The EU's executive, the European Commission, pressed leaders for "a strong and united stand" as they gathered.

"Data protection must apply no matter if it concerns the emails of citizens or the mobile phone of Angela Merkel," said EU Justice Commissioner Viviane Reding.

Alleged US spying on foreign leaders

Washington is under fire from key allies after reports the United States spied on their leaders' communications with concerns being raised beyond the European Union.

The reports are the latest allegations to emerge from fugitive contractor Edward Snowden about a huge US spy programme run by the National Security Agency (NSA).

German chancellor has made her thoughts on the matter clear to US President Obama that she "regards them [tappings] as completely unacceptable," her spokesman Steffen Seibert said in a statement.

Merkel demanded answers after learning the NSA might have monitored her phone and warned that would represent a "breach of trust" between international partners.

White House spokesman Jay Carney told media that, "the president [Obama] assured the chancellor the United States is not monitoring and will not monitor the communications of the chancellor."

Brazilian President Dilma Roussef too has sharply criticised the US after the daily O Globo reported in September that the NSA had intercepted some of her e-mails and telephone calls, along with those of close aides.

Roussef cancelled a planned visit to the US, but later addressed the United Nations General Assembly in New York and called the spy programme "an affront to the principles...that otherwise govern relations between countries."

On October 15, Brazil said it will activate a secure email system in November to protect government communications from spying by the United States and other countries.

Mexican President Enrique Pena Nieto, who took power in December, has ordered an "exhaustive" probe into reports that the NSA hacked his emails while he was a candidate last year, as well as the messages of predecessor Felipe Calderon while in office.

The Mexican investigation will look into whether such spying indeed took place and if any local officials were complicit, Interior Minister Miguel Angel Osorio Chong said.

The allegations that Calderon was spied on from May 2010 were reported by German weekly Der Spiegel after a similar report by US journalist Glenn Greenwald last month that Pena Nieto had been targeted by the NSA.

On September 5, Pena Nieto said that Obama promised an investigation into the allegations.

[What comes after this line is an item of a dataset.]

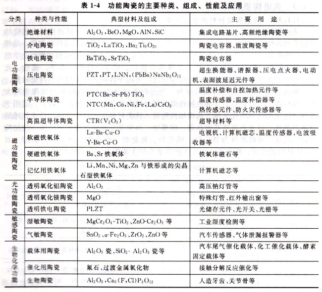 功能陶瓷是指以非力學性能(如電、磁、熱、化學、生物等性能)為主的陶瓷磚B=有些陶瓷材料既是結構材料也是功能材料,如2r02、A12 03、SiC等。功能陶瓷制品具有品種多、應用廣、更換頻繁、體積小、附加值高等特點,主要有金屬氧化物和Ba、Pb、Mg及Sr的鈦酸鹽等,表1-4簡要介紹幾種主要功能陶瓷。

Former Mexican president Vicente Fox said that "of course" he was spied on when he was in power between 2000-2006.

Fox told MVS Radio in Madrid on Wednesday: "It's nothing new that there's espionage in every government in the world, including Mexico. I don't understand the scandal."

In addition, British daily the Guardian said on June 17 that the British authorities had spied on delegates from the Group of 20 richest countries during two meetings in Britain in 2009. According to a secret document from the NSA provided by Snowden, and quoted by the newspaper, the US profited from this to try to listen to the satellite calls to Moscow by the Russian president at the time, Dmitry Medvedev.

France too has reacted strongly over reports that NSA listened to 70 million conversations of French citizens in just one month.